■ Excerpted data ■

--- --- ---

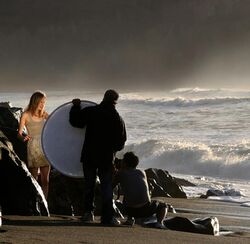 Also known as plane reflectors, "flats" or bounce boards, this kind of reflector is located independent of a light source; the light is reflected off its surface, either to achieve a broader light source, or control shadows and highlights, or both. This kind of reflector generally has a very low reflectivity factor that varies widely according to surface texture and colour.[2] As a result, it is most commonly used to control contrast in both artificial and natural lighting, in place of a fill light or "kick" light. In this case, light "spilling" from the main ambient or key light illuminating a scene is reflected back into the scene with a varying degrees of precision and intensity, according to the chosen reflective surface and its position relative to the scene.
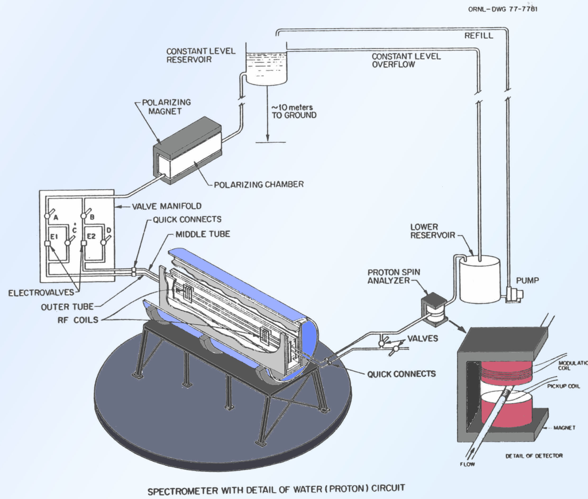Following this work, Ramsey’s efforts bifurcated into two different projects. In the first, Ramsey recognized that the high resolution of the ORNL EDM apparatus could be employed to allow an accurate measurement of the neutron magnetic moment [5] through the use of a clever flowing water NMR calibration procedure suggested by Edward Purcell. Graduate student Geoff Greene, along with Walter Mampe and Mike Pendlebury were successful in modifying the ORNL EDM apparatus and obtained a x100 improvement in accuracy. This was, by the way, Walter Mampe’s first project involving fundamental neutron physics.
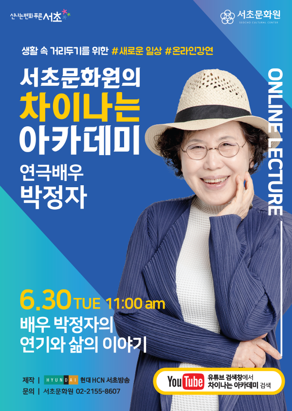 2020년 6월 서초문화원의 차이나는 아카데미 - 연극배우 박정자 페이지 정보 작성자 서초문화원 작성일21-05-25 13:44 조회3,893회 댓글0건 관련링크 이전글 다음글 목록 본문 행사명 2020년 6월 서초문화원의 차이나는 아카데미 - 연극배우 박정자 일시 6월 30일(화) 오전 11시 장소 (온라인) 서초문화원 공식 유튜브 공연정보 6월 30일(화) 오전 11시연극배우 박정자배우 박정자의 연기와 삶의 이야기방송다시보기 : 서초문화원 공식 유튜브 언론보도 이전글 다음글 목록
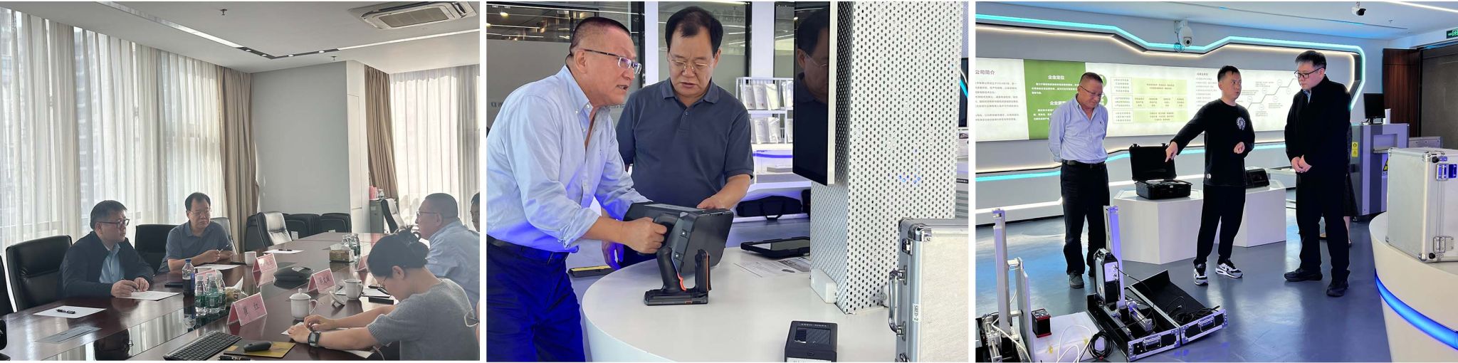 在深圳砺剑防卫技术有限公司,调研团队与企业开展座谈交流,就相关合作事宜进行了深入探讨。
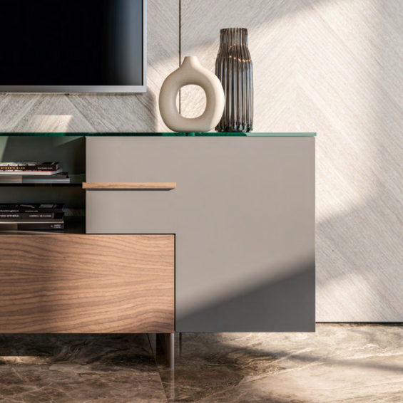 Данный предмет интерьера стал обязательным в современный декор интерьера, доступны здесь в геометрической комбинации отделки. Графит и орех Canaletto разделяют поверхность и расширяют функции и стиль тумбы под телевизор Elle, дополненной изысканной столешницей из зеркального стекла. Тумба под телевизор превращается в вместительный элегантный шкаф для книг и мелких предметов.
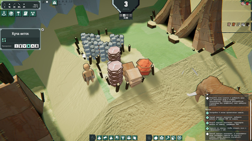 Взаимодействие с юнитами немного мудрёное. В некоторых случаях их можно прямо выделить и отдать им прямой приказ. А иногда — нет. Ряд действий человечки выполняют сами, а игрок может только повысить или понизить приоритет.
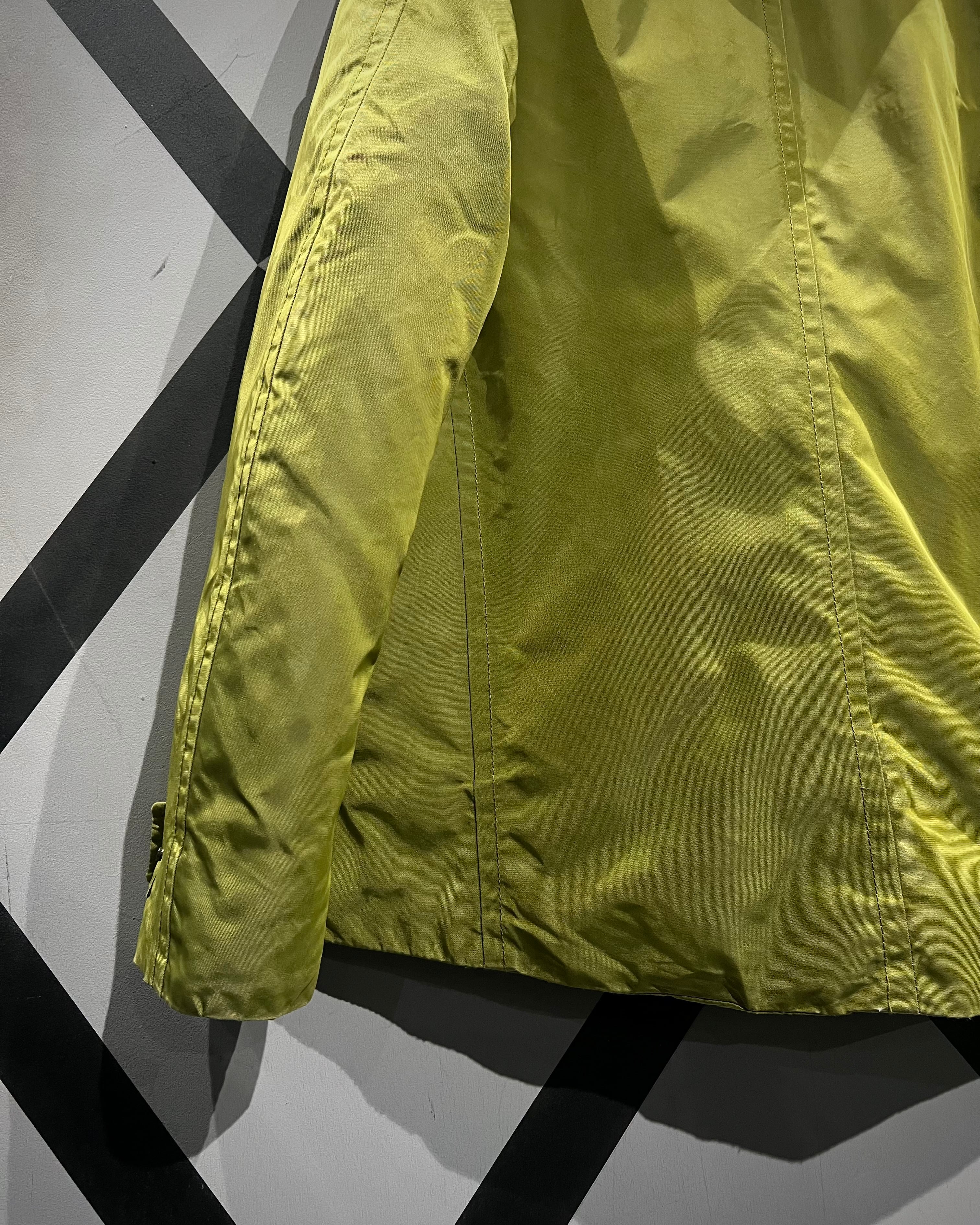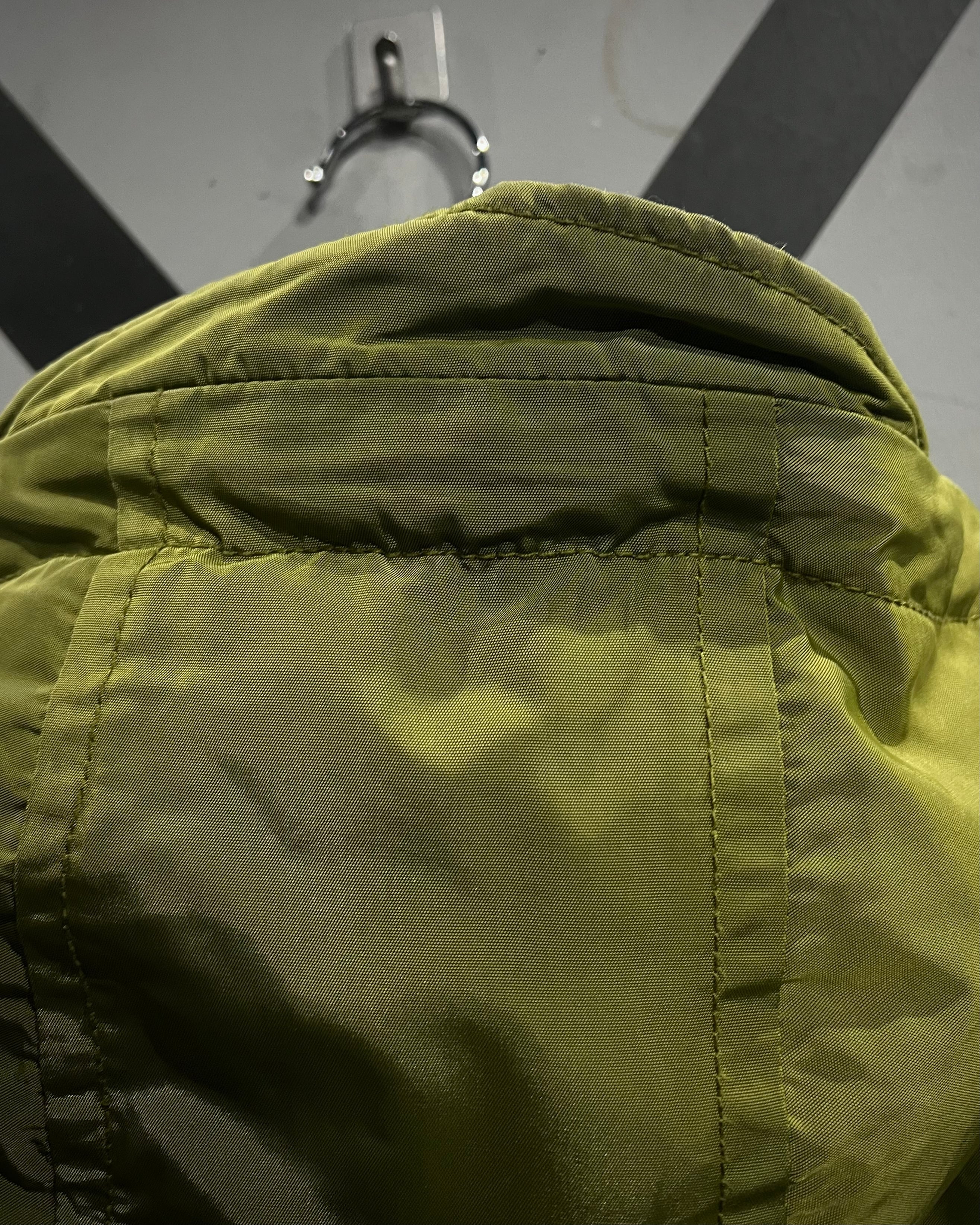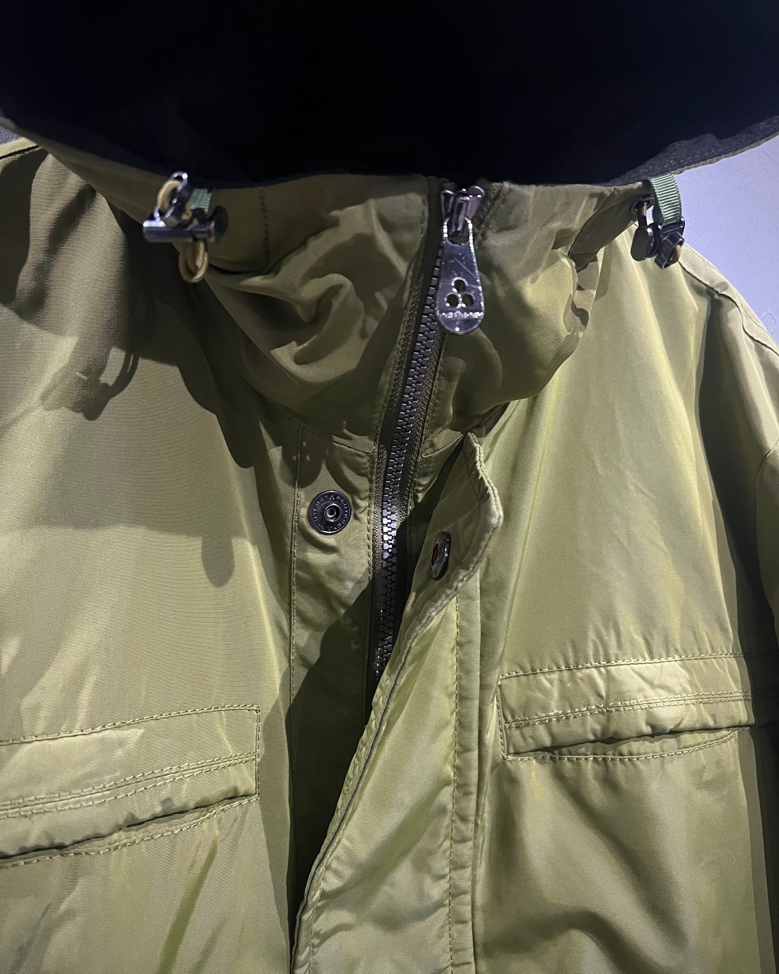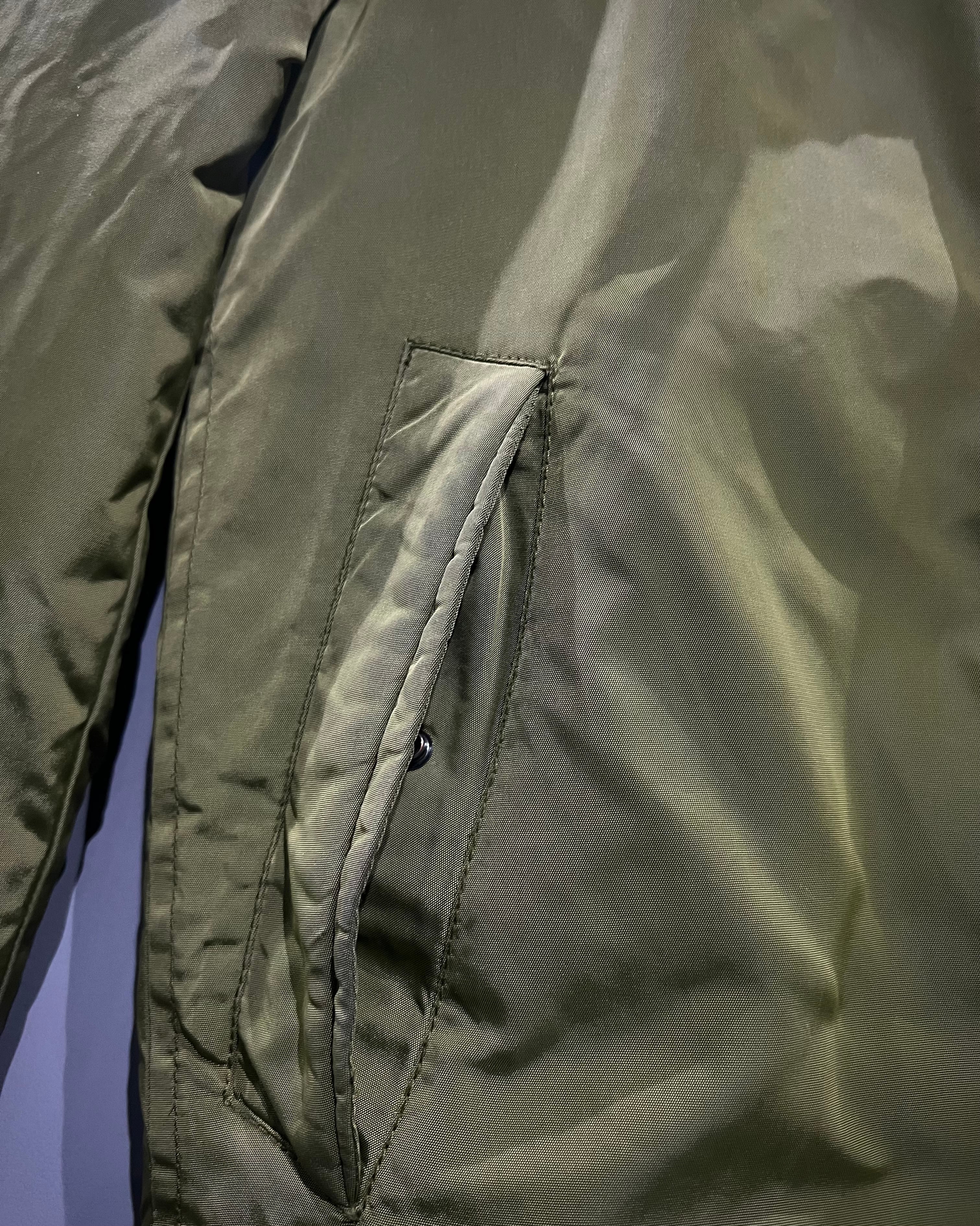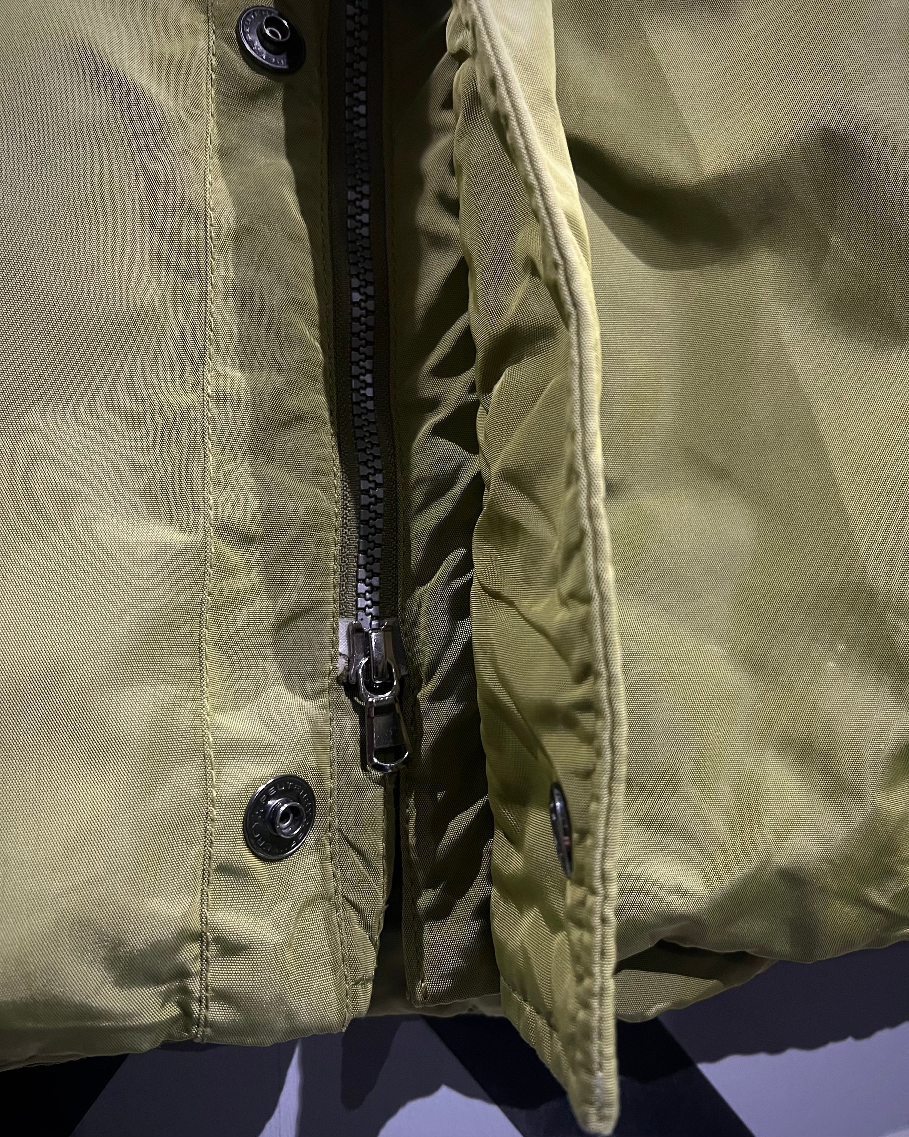 表地はナイロン、中綿はダウンを使用し、袖にはブランドタグをワンポイントで配置。比翼仕立てのフロントはジップ+スナップの二重構造で、風をしっかり止める本格的な作り。ジップのプルなど、細やかな作り込みも◎

--- --- ---

■ What you have to do ■
Leaving the pictures out, give back each line above exactly.

■ Finished task ■
 Also known as plane reflectors, "flats" or bounce boards, this kind of reflector is located independent of a light source; the light is reflected off its surface, either to achieve a broader light source, or control shadows and highlights, or both. This kind of reflector generally has a very low reflectivity factor that varies widely according to surface texture and colour.[2] As a result, it is most commonly used to control contrast in both artificial and natural lighting, in place of a fill light or "kick" light. In this case, light "spilling" from the main ambient or key light illuminating a scene is reflected back into the scene with a varying degrees of precision and intensity, according to the chosen reflective surface and its position relative to the scene.
Following this work, Ramsey’s efforts bifurcated into two different projects. In the first, Ramsey recognized that the high resolution of the ORNL EDM apparatus could be employed to allow an accurate measurement of the neutron magnetic moment [5] through the use of a clever flowing water NMR calibration procedure suggested by Edward Purcell. Graduate student Geoff Greene, along with Walter Mampe and Mike Pendlebury were successful in modifying the ORNL EDM apparatus and obtained a x100 improvement in accuracy. This was, by the way, Walter Mampe’s first project involving fundamental neutron physics.
 2020년 6월 서초문화원의 차이나는 아카데미 - 연극배우 박정자 페이지 정보 작성자 서초문화원 작성일21-05-25 13:44 조회3,893회 댓글0건 관련링크 이전글 다음글 목록 본문 행사명 2020년 6월 서초문화원의 차이나는 아카데미 - 연극배우 박정자 일시 6월 30일(화) 오전 11시 장소 (온라인) 서초문화원 공식 유튜브 공연정보 6월 30일(화) 오전 11시연극배우 박정자배우 박정자의 연기와 삶의 이야기방송다시보기 : 서초문화원 공식 유튜브 언론보도 이전글 다음글 목록
 在深圳砺剑防卫技术有限公司,调研团队与企业开展座谈交流,就相关合作事宜进行了深入探讨。
 Данный предмет интерьера стал обязательным в современный декор интерьера, доступны здесь в геометрической комбинации отделки. Графит и орех Canaletto разделяют поверхность и расширяют функции и стиль тумбы под телевизор Elle, дополненной изысканной столешницей из зеркального стекла. Тумба под телевизор превращается в вместительный элегантный шкаф для книг и мелких предметов.
 Взаимодействие с юнитами немного мудрёное. В некоторых случаях их можно прямо выделить и отдать им прямой приказ. А иногда — нет. Ряд действий человечки выполняют сами, а игрок может только повысить или понизить приоритет.
 表地はナイロン、中綿はダウンを使用し、袖にはブランドタグをワンポイントで配置。比翼仕立てのフロントはジップ+スナップの二重構造で、風をしっかり止める本格的な作り。ジップのプルなど、細やかな作り込みも◎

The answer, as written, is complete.